◆ **Required work**
Once the line holding "오전 9시경 더위가 느껴" is found in the entries below, transcribe exactly every line up to and including the one holding "La influencia de", but leave out the pictures.

##### Dataset records

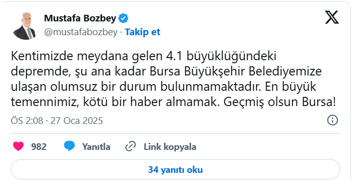 Bozbey'in açıklaması şöyle, "Kentimizde meydana gelen 4.1 büyüklüğündeki depremde, şu ana kadar Bursa Büyükşehir Belediyemize ulaşan olumsuz bir durum bulunmamaktadır. En büyük temennimiz, kötü bir haber almamak. Geçmiş olsun Bursa!"
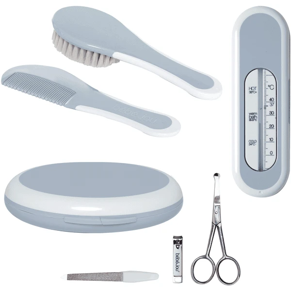 bébé-jou ® biedt een zeer compleet en kwalitatief hoogstaand assortiment verzorgingsproducten. Alleen het beste is goed genoeg voor je baby! De manicureset bestaat uit een nagelschaartje, een nagelpincet en een nagelvijl in een bijpassend etui. De kam met afgeronde tanden en de borstel met natuurlijke borstelharen zijn babyvriendelijk. Perfect voor de gevoelige babyhuid.
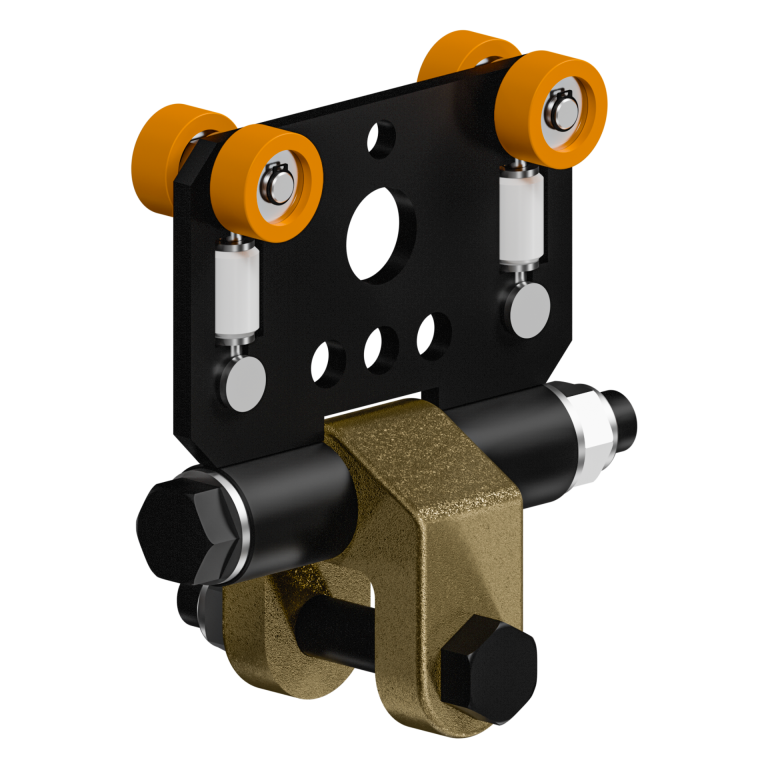 Knight Global’s TRT2009 transfers loads along the horizontal axis and suspends Knight Air Balancers and Fixtures and Festooning from Knight’s TR2000 Series Aluminum Rail Systems. Knight Load Trolleys are manufactured from commercial grade pickled and oiled hot rolled steel with a tensile strength of ± 49 ksi and a yield point of ± 30 ksi.
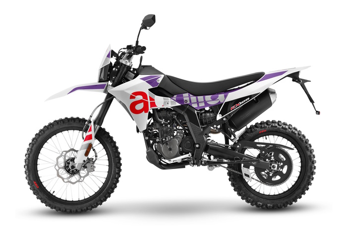 Bei der RX 125 setzt Aprilia auf eine stollenbewehrte Mischbereifung und Wave-Scheibenbremsen Foto: Aprilia
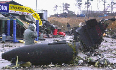 韓國電視臺(tái)援引目擊者的話說,飛機(jī)撞到地面爆炸,“成為一團(tuán)火球”,路邊的一家修車店被炸毀,附近的一座民宅起火。
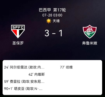 北京时间7月28日巴西足球甲级联赛联赛第17轮,圣保罗主场对阵弗鲁米嫩塞。圣保罗罗伯特-阿沃莱达破门,费雷拉破门,塔皮亚破门。弗鲁米嫩塞萨穆埃尔-沙维尔破门。最终比分圣保罗3-1弗鲁米嫩塞。
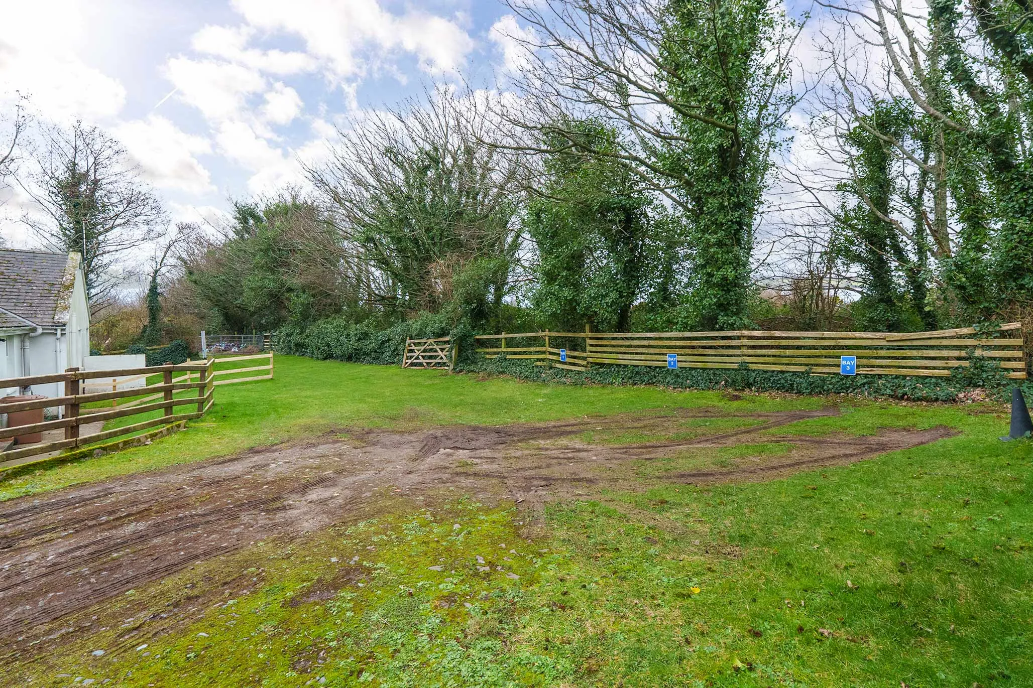 Externally, the front and rear gardens are laid to lawn and bordered by fencing. Please note there is vehicular access at the rear of the property to the neighbouring field. The property also benefits from two allocated parking spaces, noted as Bay 1 and Bay 2.
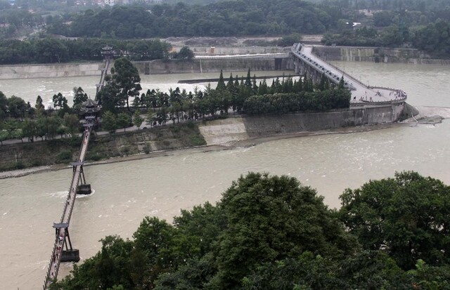 成都平原西部,岷江从高山峡谷进入平原地区,地势的急剧变化使得水流变得湍急。
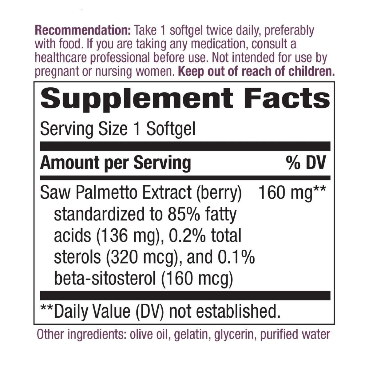 Gentlemen, it's time to give your prostate the VIP treatment it deserves! Introducing Nature's Way Saw Palmetto Standardized Extract, your new best friend in the quest for prostate health. Each serving packs a punch with 160 mg of premium saw palmetto extract, meticulously standardized to ensure you get the highest quality support.
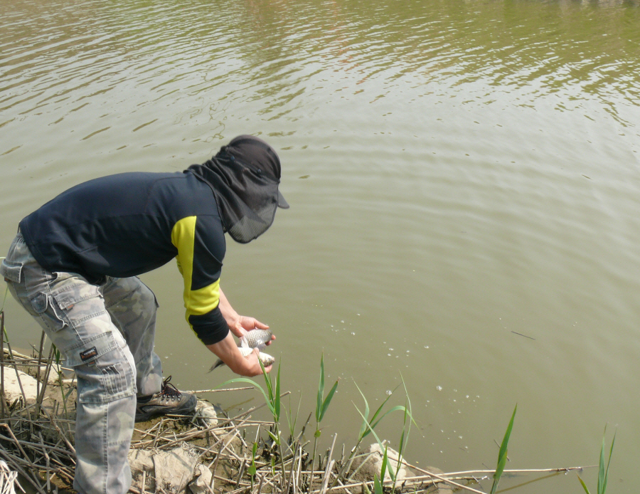 오전 9시경 더위가 느껴 질 정도에 찌를 한마디 올려 주는 것을 챔질을 해보니 9치급 붕어가 첫 얼굴을 보여줍니다.
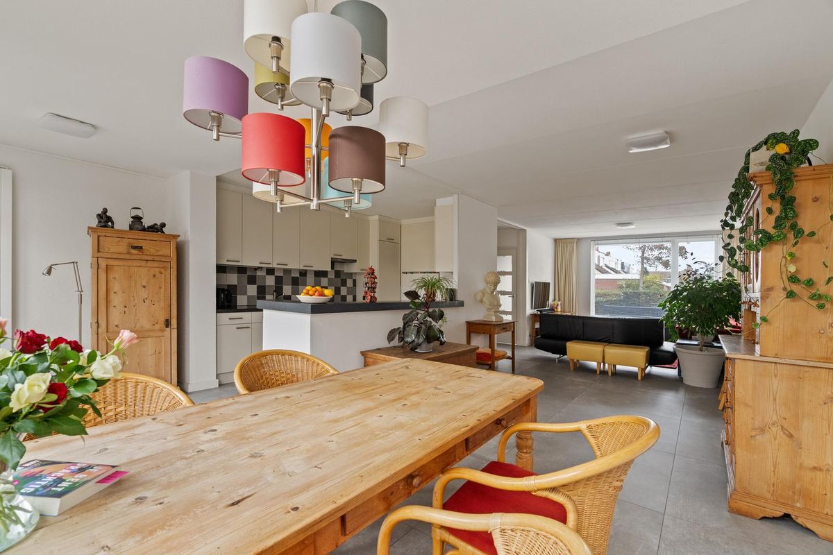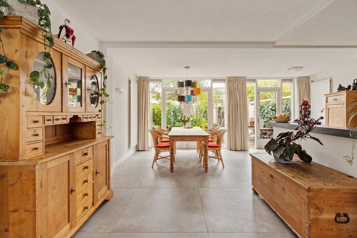 De uitgebouwde en lichte woonkamer heeft veel natuurlijk lichtinval door de grote raampartijen en is voorzien vloerverwarming en openslaande deuren naar de fraai aangelegde en zonnige achtertuin met achterom. Dankzij de open verbinding van de woon-/eetkamer met de keurige keuken — die is uitgerust met een natuurstenen aanrechtblad aan twee zijden — is dit de ideale plek voor gezellige etentjes en ontspannen familiedagen. De keuken is onder andere voorzien van een vaatwasser, inductiekookplaat, afzuigkap, oven, magnetron, koel-/vriescombinatie en veel opbergruimte.
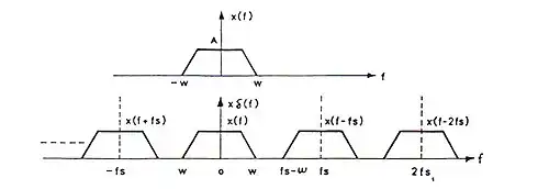 La influencia de los filtros de reconstrucción no ideales se observa fácilmente en el dominio de la frecuencia. En la siguiente figura se representa parte del espectro de una señal muestreada, supuesto sin distorsión y una posible característica de transferencia de un filtro paso-bajo real.
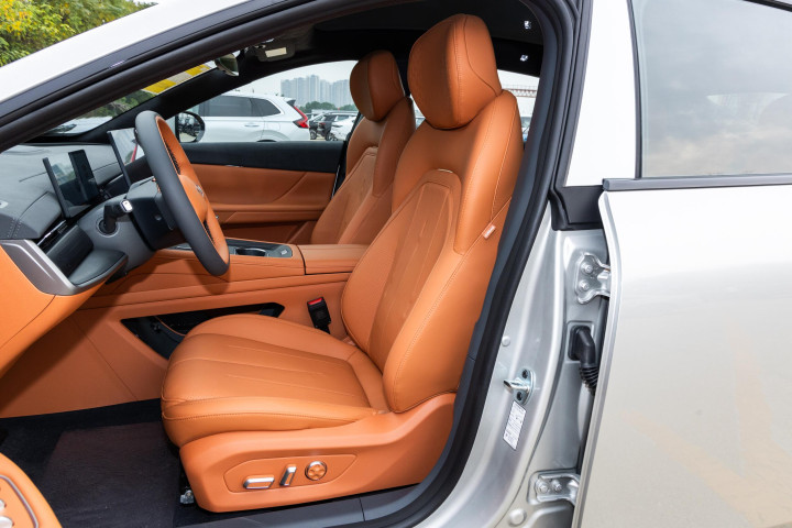 内饰部分体验时感受颇多。整体还是沿袭eπ007的极简设计风格,车内没有什么复杂堆叠,大屏和物理按键搭配,看上去主次分明。中控台上一块15.6英寸悬浮大屏以及10.25英寸矩形液晶仪表都是标配,视觉观感很大气,屏幕清晰度、响应速度都很高。HUD抬头显示可以直接在驾驶状态下推送路况、速度等关键信息,不用低头,安全性提升不少。我点开导航、车机切换,发现这次主打的是高通骁龙SA8295P芯片带来的天元智舱2.0车机系统,支持双AI大模型。实际体验多任务切换、语音识别,反应很迅速,而且menu菜单逻辑清晰。
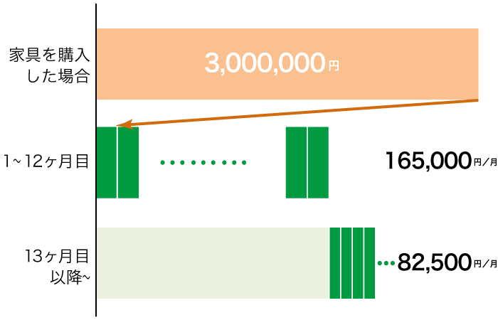 - 家具の調達コストを負担いたします。
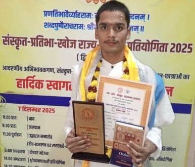 गाजीपुर। उत्तर प्रदेश संस्कृत संस्थान द्वारा आयोजित संस्कृत प्रतिभा खोज प्रतियोगिता के अंतर्गत अमरकोश कण्ठस्थ पाठ प्रतियोगिता में करंडा के ब्राह्मणपुरा गांव निवासी आशुतोष द्विवेदी ने प्रथम स्थान प्राप्त कर जिले का नाम रौशन किया है। प्रतियोगिता में प्रदेश के सभी जिले के प्रतिभागियों ने भाग लिया था। आशुतोष द्विवेदी महर्षि भरद्वाज वेद विद्यालय में वेद भूषण पंचम वर्ष में दसवीं के छात्र है। अमरकोश कंठस्थ पाठ प्रतियोगिता में प्रथम स्थान प्राप्त करने में अपने गुरु श्री हरि ओम शुक्ला से मिली प्रेरणा को बताया। उन्होंने ने बताया कि वेद संस्कृत पढ़ने के लिए उनके मामा नीरज पांडेय ने वेद विद्यालय में प्रवेश दिलवाया था। पिता ब्रह्मानंद द्विवेदी व माता रीता देवी के इकलौते पुत्र आशुतोष बचपन से ही मेधावी है। इससे पूर्व मुख्यमंत्री योगी आदित्यनाथ ने 2018 में इन्हें वेद पाठ सुनाने पर लखनऊ में सम्मानित किया था।
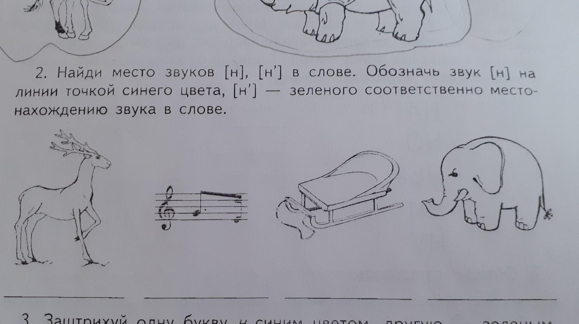 2. Найдо место звуков [н], [н'] в слове. Обознань звук [н] на линии точной синего цвета, [н'] - зеленого соответственно место нахождению звука в слове.
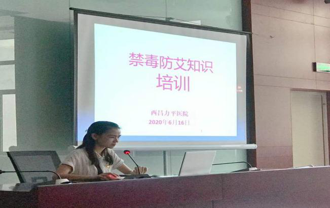 2020年6月16日下午14:30分,后勤管理处邀请西昌市力平医院医院感染管理科科长张晓凤为我校师生代表及食堂、超市负责人共计110余人进行疾病预防和禁毒防艾知识培训。
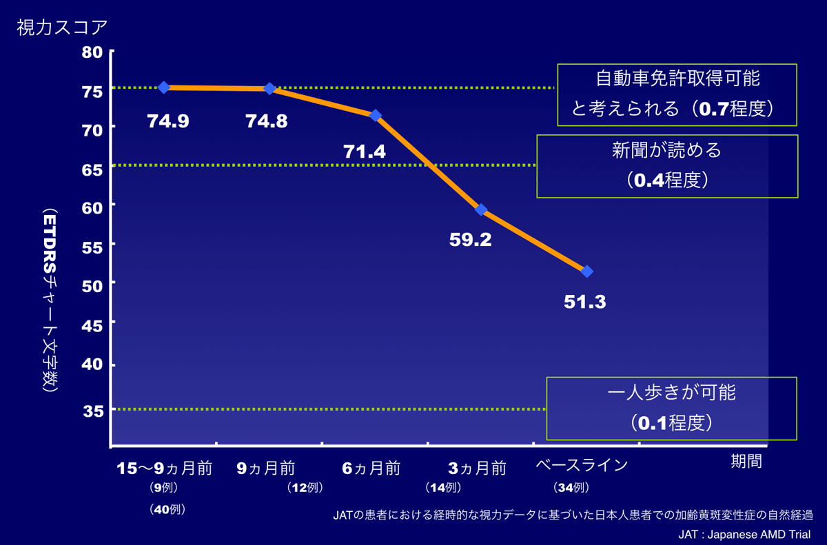 - 日本での滲出型加齢黄斑変性症の患者さん数は、推定70万人。
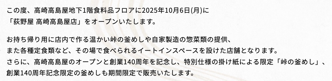 ▼『荻野屋 高崎高島屋店』オープンのお知らせ(荻野屋公式サイトより)
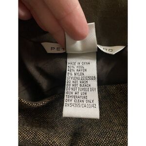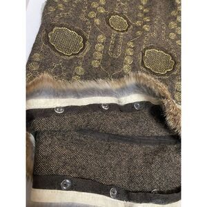 This Peter Nygard skirt is a vintage A-line style made from a wool blend material with intricate embroidery and textured brocade details in brown and gold colors. It features a removable fur trim and a zip closure. The knee-length skirt has a mid-rise fit and is lined for added comfort. Ideal for various occasions such as travel, weddings, parties, and workwear, this versatile piece embodies themes like retro, bohemian, and tribal, making it a unique and stylish addition to any wardrobe.
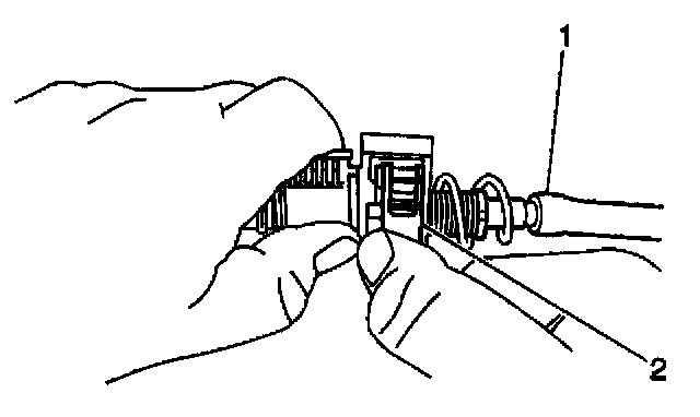Important: This step must be performed correctly to avoid a misadjusted cable. Do not grasp the shift cable end (2) during this procedure.

##########

◆ **Response for this exercise**
 오전 9시경 더위가 느껴 질 정도에 찌를 한마디 올려 주는 것을 챔질을 해보니 9치급 붕어가 첫 얼굴을 보여줍니다.
 De uitgebouwde en lichte woonkamer heeft veel natuurlijk lichtinval door de grote raampartijen en is voorzien vloerverwarming en openslaande deuren naar de fraai aangelegde en zonnige achtertuin met achterom. Dankzij de open verbinding van de woon-/eetkamer met de keurige keuken — die is uitgerust met een natuurstenen aanrechtblad aan twee zijden — is dit de ideale plek voor gezellige etentjes en ontspannen familiedagen. De keuken is onder andere voorzien van een vaatwasser, inductiekookplaat, afzuigkap, oven, magnetron, koel-/vriescombinatie en veel opbergruimte.
 La influencia de los filtros de reconstrucción no ideales se observa fácilmente en el dominio de la frecuencia. En la siguiente figura se representa parte del espectro de una señal muestreada, supuesto sin distorsión y una posible característica de transferencia de un filtro paso-bajo real.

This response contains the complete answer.